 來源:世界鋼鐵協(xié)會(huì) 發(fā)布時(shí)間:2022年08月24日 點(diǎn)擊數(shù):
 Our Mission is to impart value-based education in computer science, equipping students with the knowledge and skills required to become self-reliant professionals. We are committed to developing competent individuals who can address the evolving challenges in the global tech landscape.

# # # # #

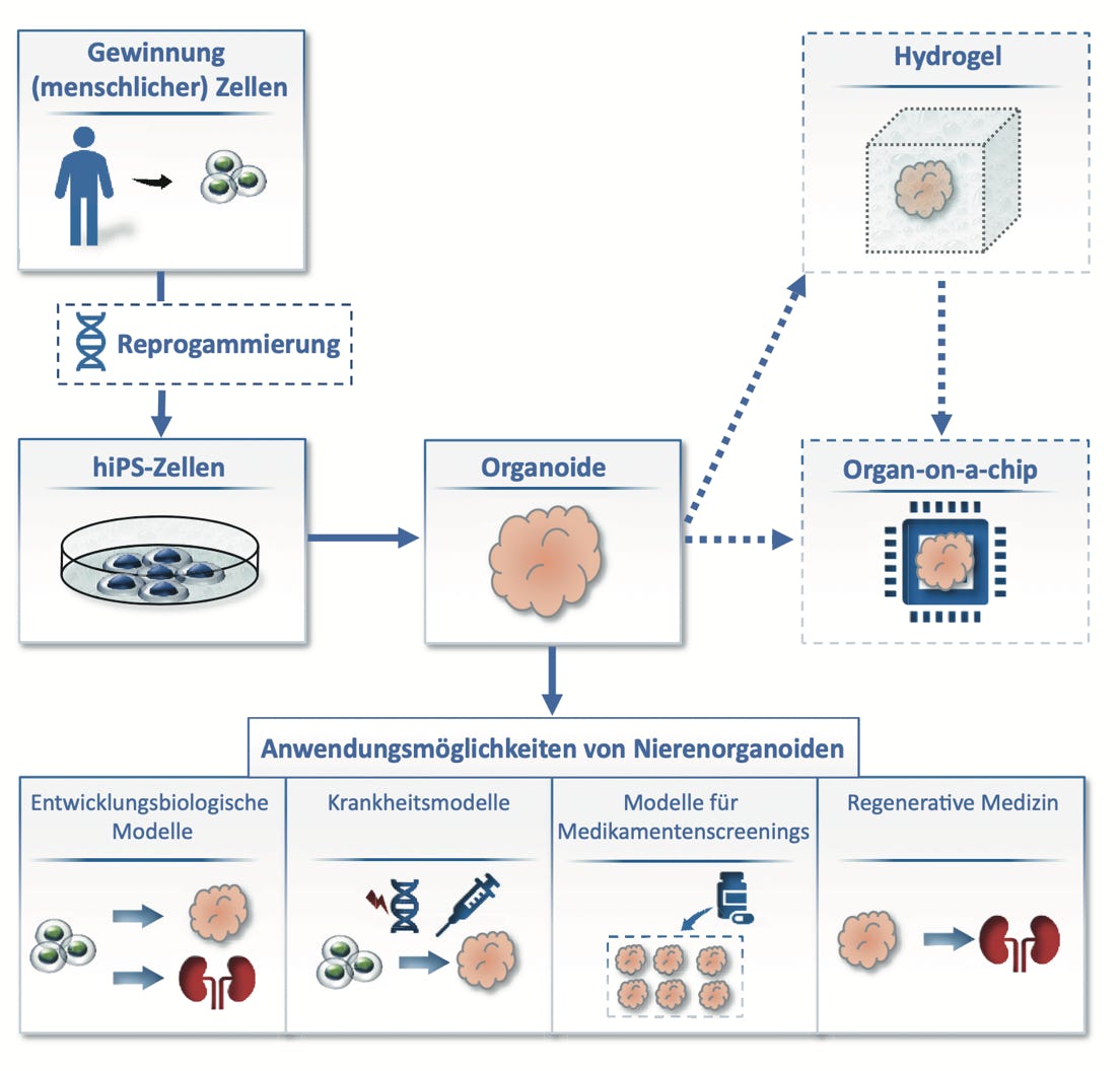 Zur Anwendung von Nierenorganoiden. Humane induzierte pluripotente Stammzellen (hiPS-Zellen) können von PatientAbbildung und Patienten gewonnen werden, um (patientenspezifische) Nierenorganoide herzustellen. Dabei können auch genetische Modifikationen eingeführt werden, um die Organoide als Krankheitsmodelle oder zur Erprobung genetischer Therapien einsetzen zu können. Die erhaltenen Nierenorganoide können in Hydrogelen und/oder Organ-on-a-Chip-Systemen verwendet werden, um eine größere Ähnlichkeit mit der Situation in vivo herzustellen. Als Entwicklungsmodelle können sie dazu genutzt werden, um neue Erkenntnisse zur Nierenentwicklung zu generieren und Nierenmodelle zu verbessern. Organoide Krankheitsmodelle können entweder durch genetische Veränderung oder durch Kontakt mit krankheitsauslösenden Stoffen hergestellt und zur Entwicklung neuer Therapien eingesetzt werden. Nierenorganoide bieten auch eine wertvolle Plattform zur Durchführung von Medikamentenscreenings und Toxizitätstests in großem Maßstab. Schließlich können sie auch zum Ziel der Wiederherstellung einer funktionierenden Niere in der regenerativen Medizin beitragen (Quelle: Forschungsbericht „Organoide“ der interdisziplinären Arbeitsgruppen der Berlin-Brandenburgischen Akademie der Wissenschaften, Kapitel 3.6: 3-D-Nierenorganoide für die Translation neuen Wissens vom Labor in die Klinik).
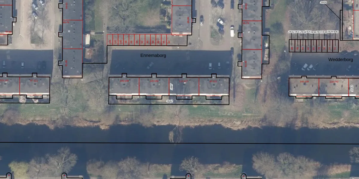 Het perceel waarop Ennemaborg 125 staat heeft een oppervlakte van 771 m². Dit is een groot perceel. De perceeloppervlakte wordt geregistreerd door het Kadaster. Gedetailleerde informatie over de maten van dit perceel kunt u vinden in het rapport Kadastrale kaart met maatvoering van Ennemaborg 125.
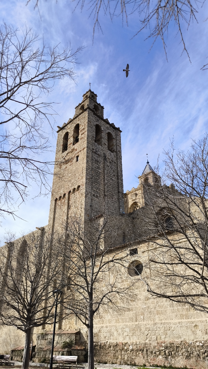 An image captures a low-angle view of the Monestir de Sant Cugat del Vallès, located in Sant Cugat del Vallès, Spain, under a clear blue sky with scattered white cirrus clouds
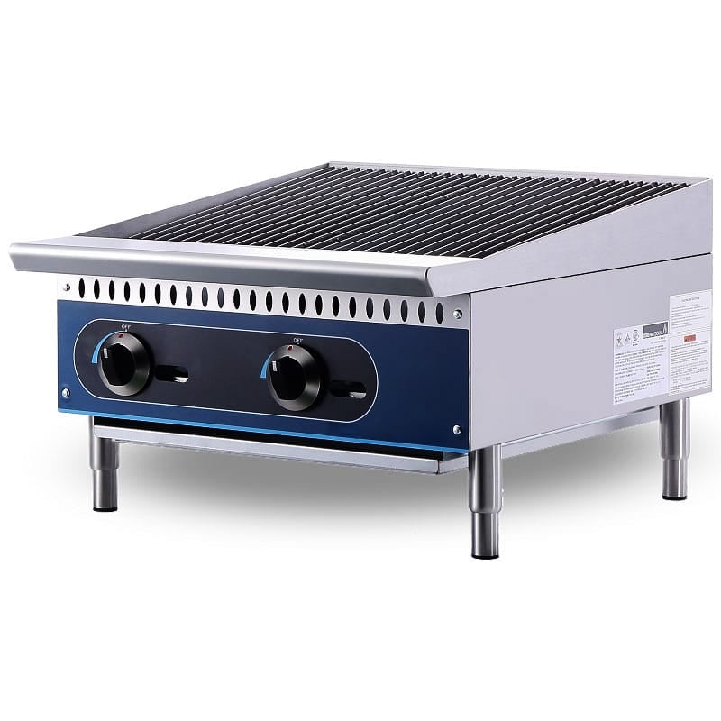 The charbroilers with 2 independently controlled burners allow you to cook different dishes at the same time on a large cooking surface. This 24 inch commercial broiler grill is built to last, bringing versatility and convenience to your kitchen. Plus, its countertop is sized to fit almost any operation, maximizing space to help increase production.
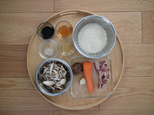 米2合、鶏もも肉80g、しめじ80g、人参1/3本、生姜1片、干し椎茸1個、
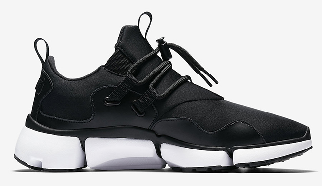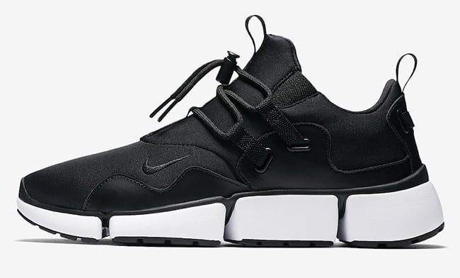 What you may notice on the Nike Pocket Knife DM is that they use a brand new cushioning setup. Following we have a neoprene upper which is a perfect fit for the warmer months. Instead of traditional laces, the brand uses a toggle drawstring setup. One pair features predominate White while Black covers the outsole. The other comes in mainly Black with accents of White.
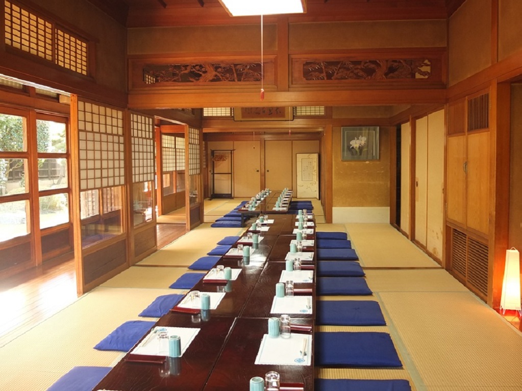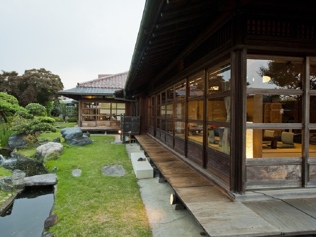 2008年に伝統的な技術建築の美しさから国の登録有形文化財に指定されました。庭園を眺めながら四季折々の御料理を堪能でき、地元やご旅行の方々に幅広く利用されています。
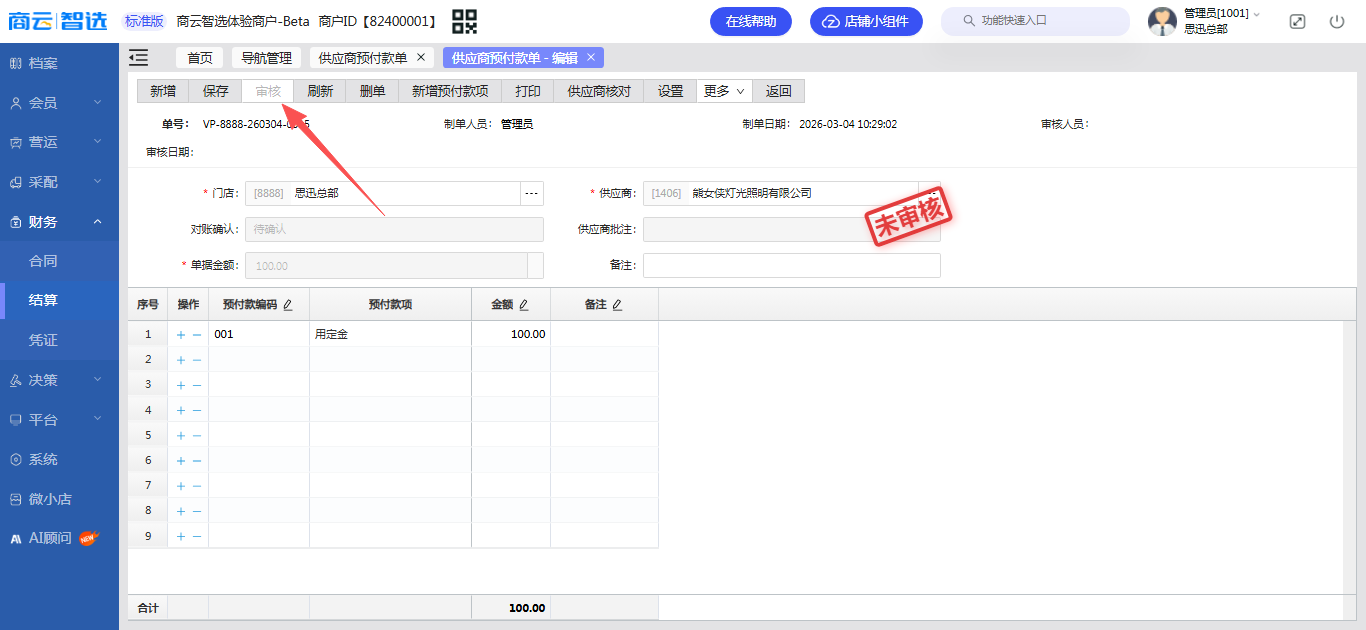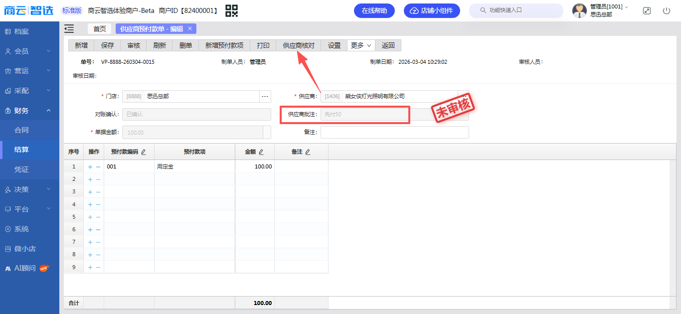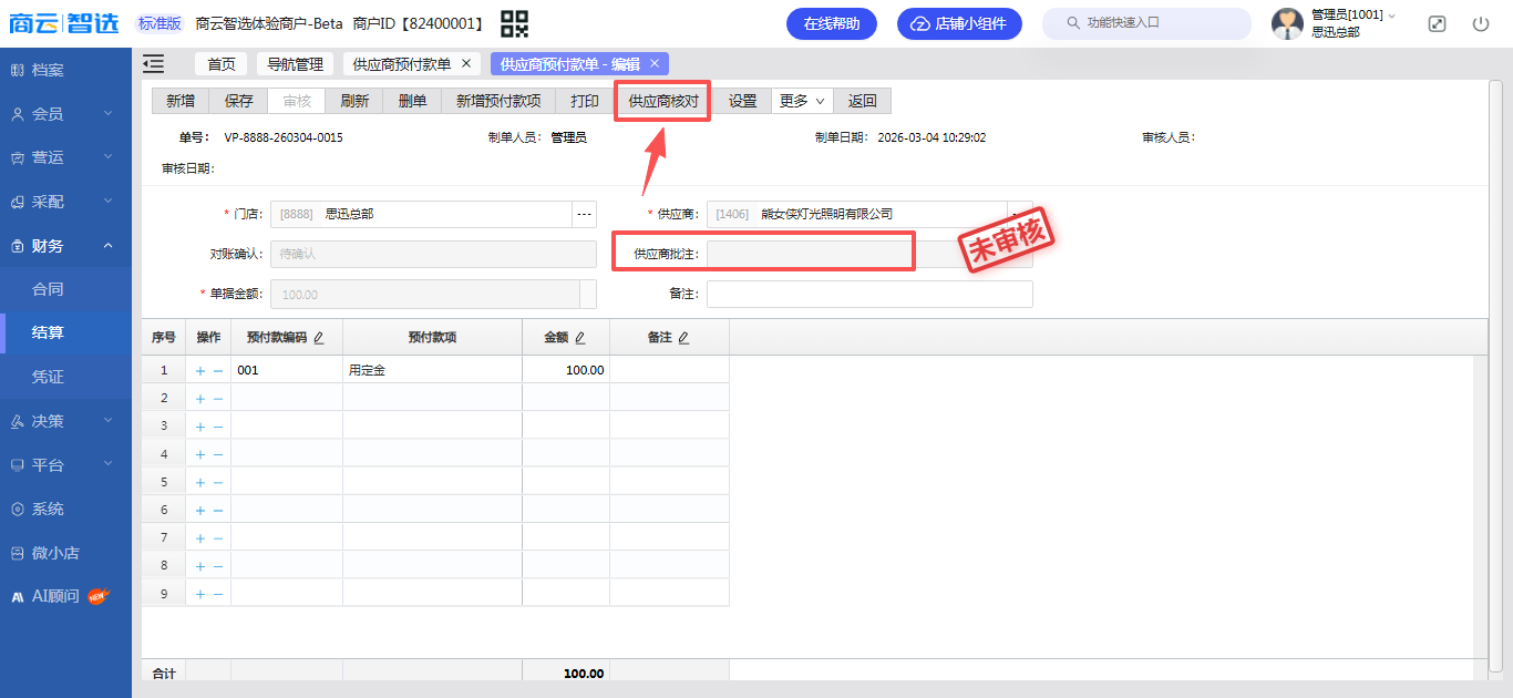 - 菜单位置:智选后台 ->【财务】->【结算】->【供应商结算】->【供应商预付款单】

# # # # #

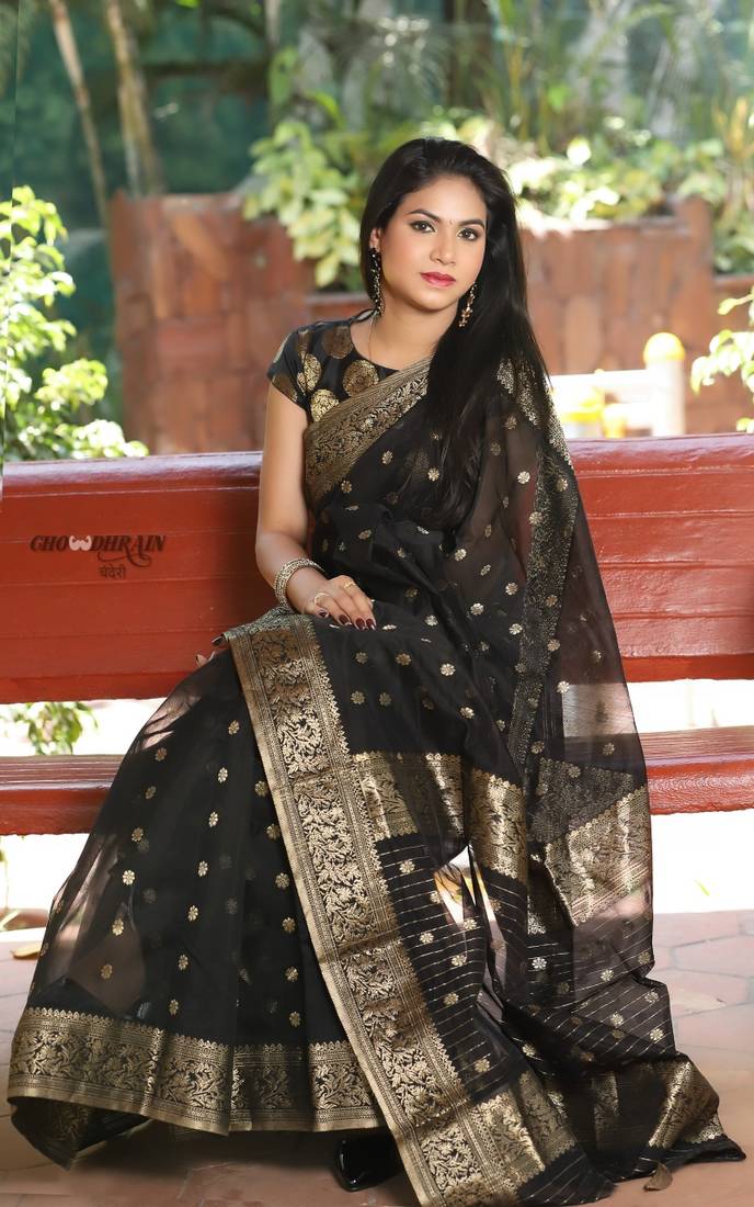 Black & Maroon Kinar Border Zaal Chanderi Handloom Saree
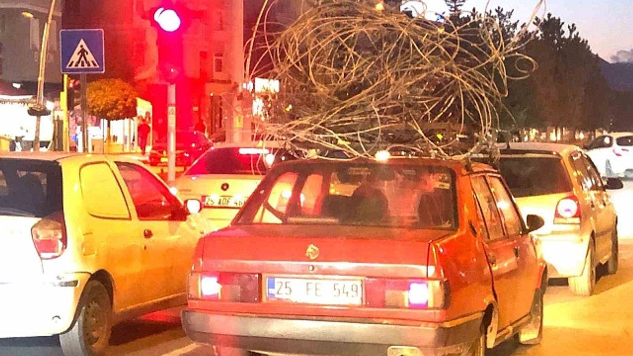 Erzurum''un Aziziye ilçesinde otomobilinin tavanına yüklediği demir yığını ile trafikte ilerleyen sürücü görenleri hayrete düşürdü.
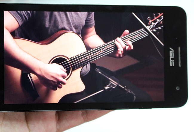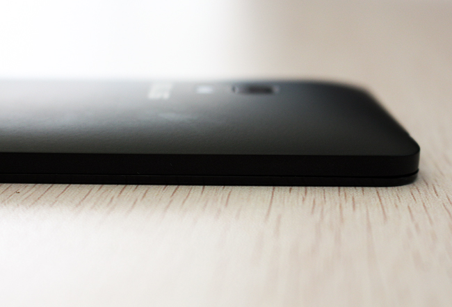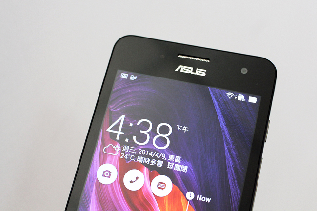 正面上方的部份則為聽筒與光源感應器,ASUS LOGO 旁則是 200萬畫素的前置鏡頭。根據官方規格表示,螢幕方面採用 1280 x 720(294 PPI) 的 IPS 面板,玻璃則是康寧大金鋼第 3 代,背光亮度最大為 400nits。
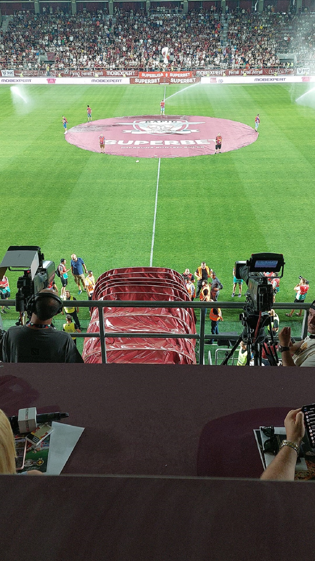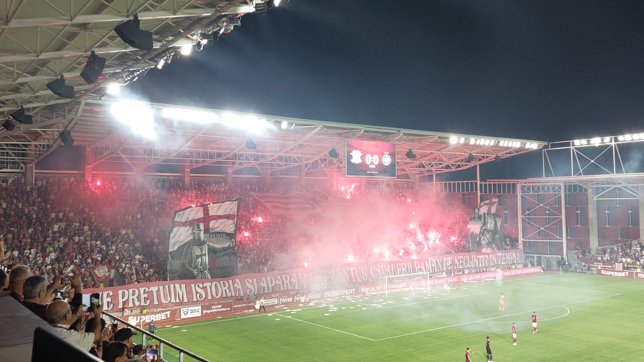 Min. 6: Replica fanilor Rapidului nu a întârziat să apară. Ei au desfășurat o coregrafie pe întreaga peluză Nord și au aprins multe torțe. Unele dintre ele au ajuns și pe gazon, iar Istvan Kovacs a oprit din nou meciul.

# # # # #

* [DIRECTIONS FOR THIS TASK]:
Both boundary lines included, write out word for word only the lines above from the one containing "What you may" to the one containing "- 菜单位置:智选后台 ->【财务】->【结算】->【供应商结算】->【供应商预付款单】", leaving out any pictures.

* [COMPLETED EXERCISE]:
 What you may notice on the Nike Pocket Knife DM is that they use a brand new cushioning setup. Following we have a neoprene upper which is a perfect fit for the warmer months. Instead of traditional laces, the brand uses a toggle drawstring setup. One pair features predominate White while Black covers the outsole. The other comes in mainly Black with accents of White.
 2008年に伝統的な技術建築の美しさから国の登録有形文化財に指定されました。庭園を眺めながら四季折々の御料理を堪能でき、地元やご旅行の方々に幅広く利用されています。
 - 菜单位置:智选后台 ->【财务】->【结算】->【供应商结算】->【供应商预付款单】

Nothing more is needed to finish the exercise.